Search This Blog


Reducing public broadcasting subsidies will improve it

The federal government looks poised to cut subsidies to the Corporation for Public Broadcasting. I’ll believe it when I see it; the then-new Republican Congress in 1995, after saying the same thing, didn’t cut a cent. But a decade later, it’s an issue worth reviewing.

The amount being discussed, $100 million, sounds large but in fact represents only a little over 4 percent of the entire government corporation’s budget. Over 80 percent of its money comes from non-federal government sources. If we use a uniform cut of 4.33 percent, in practical terms for Louisiana that would mean about $138,000; uniformally across the state, for example, Shreveport would lose less than $7,000. In other words, it’s just not that much – one good pledge drive, even one generous gift, could make it all up, locally.

Of course, opponents have trotted out the well-worn playbook saying the cuts would impact the best-received, most popular programs. Right; I’d like to see station mangers cut these and then expect the pledge drives and business commitments (over 40 percent of total funding) to do as well. No, they are sensible folks, and, if any scaling back of programming occurs, it will be with the deadweight.

A good place to start would be opinion shows that consistently display a liberal bias. Finally running Bill Moyers into retirement is a great start, but more work can be done, as evidenced by the CPB’s own objectivity surveys (they are required to produce such reports annually). Over a fifth of consumers of its television (PBS) and radio (NPR) say there is a liberal bias (much smaller proportions chip in they actually think there’s a conservative bias – must be Howard Dean fans).

The CPB’s pollsters try to spin this argument by pointing out major news networks are seen by their respondents as even more liberally biased, so they argue their focus groups show:

There is a core segment of the population that will always contend that all news media is biased no matter what. In other words, many people are simply “jumping on the bandwagon” and saying PBS and/or NPR are biased only because they believe all news media are biased and they do not distinguish between specific news organizations and the news media in general.
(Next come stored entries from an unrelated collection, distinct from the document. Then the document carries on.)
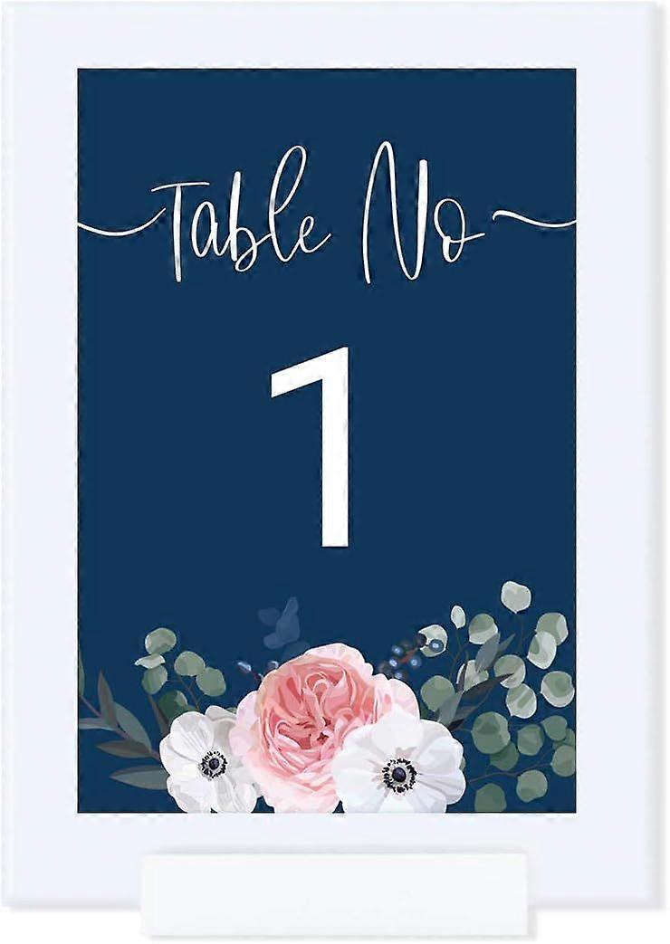 UrbanMingle Winter Navy Blue with Eucalyptus Blossoms Wedding Table Numbers 1-20, 4x6-Inch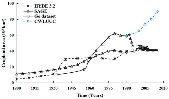 (1) HYDE cropland datasets. Cropland areas in the HYDE datasets for AD 1960–2015 were drawn directly from the FAO data, and for the pre-1961 period, they were estimated using the FAO per capita cropland area and population data for the historical period, assuming that the per capita values for cropland were constant or slightly increased or decreased over time. Then, these cropland areas were allocated to grid cells with a resolution of 5 arc minutes, according to the current spatial patterns reference map of 2010 for cropland, derived from satellite imagery of ESA (2016), and other weighing maps, including population, soil, coastline and river plain, topography, and climate maps [3]. The original version of the HYDE dataset only covered the past 300 years, whereas version HYDE 3.1 extended the reconstruction period to 10,000 BC–AD 2000. The latest version, HYDE 3.2, has updated the basic data on populations and cropland and incorporates allocation algorithms from modern remote sensing.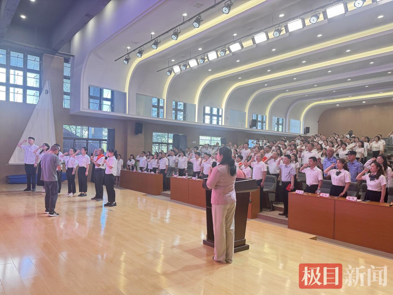 为庆祝中国共产党成立104周年,6月30日上午,洪山区和平街道金茂府社区于东湖新城小学隆重举办“光荣在党50年”纪念章颁发仪式暨“悦教先锋·悦居惠民”党建联建主题活动。洪山区领导、街道班子成员、社区老党员、新党员及居民代表共同参与,现场氛围庄重热烈。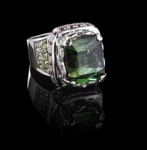 3480. *Bague sertie d'une tourmaline taille rectangle (env. 12,2 ct) e...
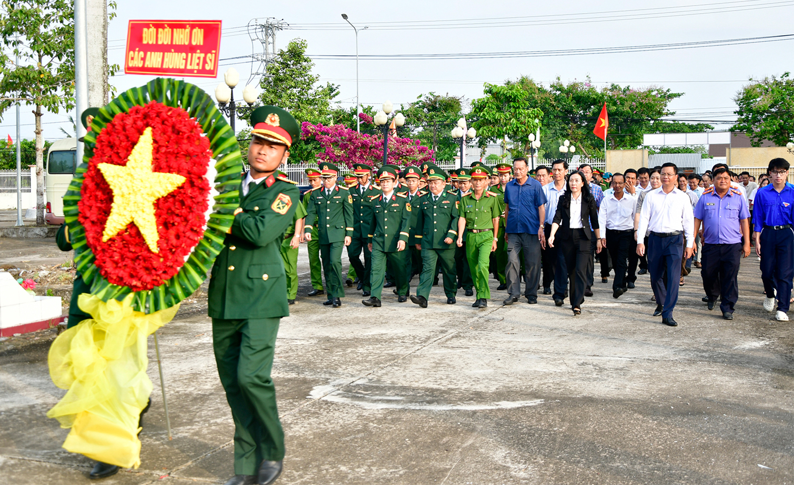 Tại Nghĩa trang Liệt sĩ xã Đông Thái - nơi yên nghỉ của gần 1.900 Anh hùng, liệt sĩ, các đại biểu đã thành kính đặt vòng hoa, dâng hương, mặc niệm tưởng nhớ công lao to lớn của những người đã anh dũng hy sinh vì sự nghiệp đấu tranh giải phóng dân tộc, thống nhất đất nước.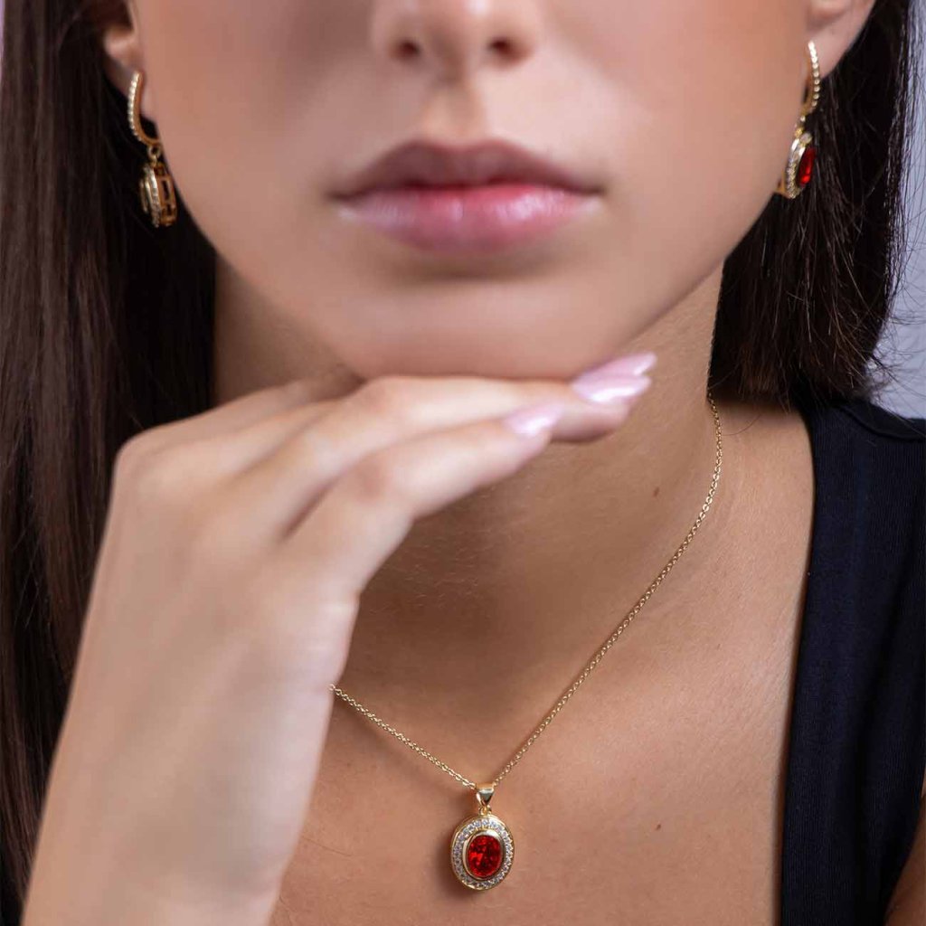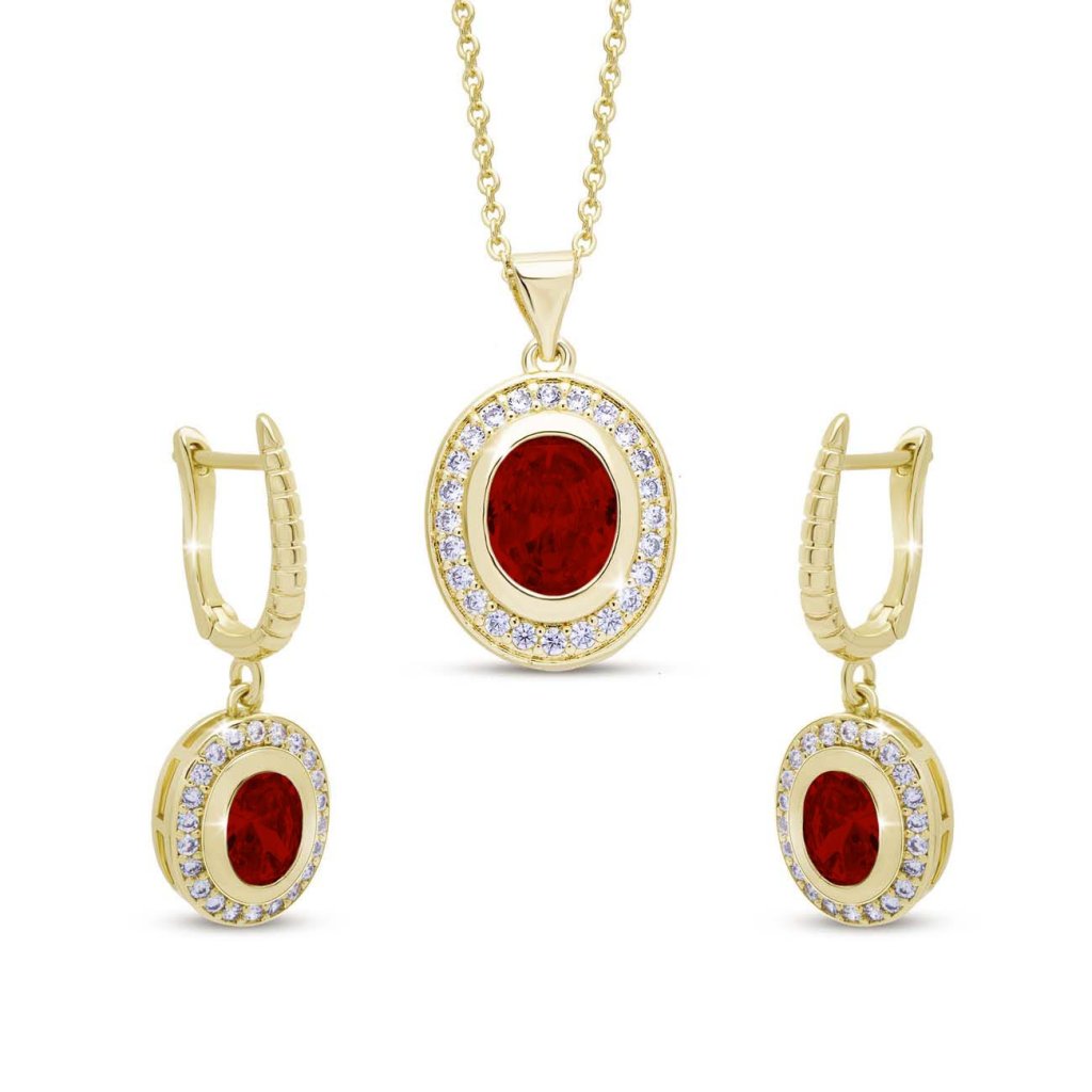 SET 0060-2 Aranyozott ékszerszett – fülbevaló és nyaklánc piros cirkónia kővel

Only in an era of grade inflation in education could somebody come up with such a backwards conclusion. If people “do not distinguish between specific news organizations and the news media in general,” then why is it that they do differentiate between the CPB and others by giving different very scores (one-third compared to one-fifth)? Doesn’t it make far more logical sense to say the people who say there is bias do so because it’s really there? What if they polled the public and found a third disliked Coke and while a fifth disliked Pepsi? Would it then be logical to conclude that at least 20 percent of the country dislikes all soft drinks?
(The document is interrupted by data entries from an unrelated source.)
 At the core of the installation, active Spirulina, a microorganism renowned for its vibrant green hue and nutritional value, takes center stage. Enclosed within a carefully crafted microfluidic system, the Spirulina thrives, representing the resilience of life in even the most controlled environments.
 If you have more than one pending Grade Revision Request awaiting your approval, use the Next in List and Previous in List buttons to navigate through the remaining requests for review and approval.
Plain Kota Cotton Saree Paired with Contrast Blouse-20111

Or an even easier solution is to just cut off all subsidies to Pacifica Radio stations. Much of what they broadcast is so horrendously slanted and contrafactual that it’s worthless yet $1.2 million a year has been going to this arm of the kook left (and now that it has Dead-Air America, why should taxpayers’ dollars support this lunacy?).

Don’t be fooled, with so many other greater priorities out there, as Congress has made clear, it’s about time to trim the fat from the CPB represented by its politically-biased content anyway. If the public really supports public broadcasting, no doubt it will step up during pledge time.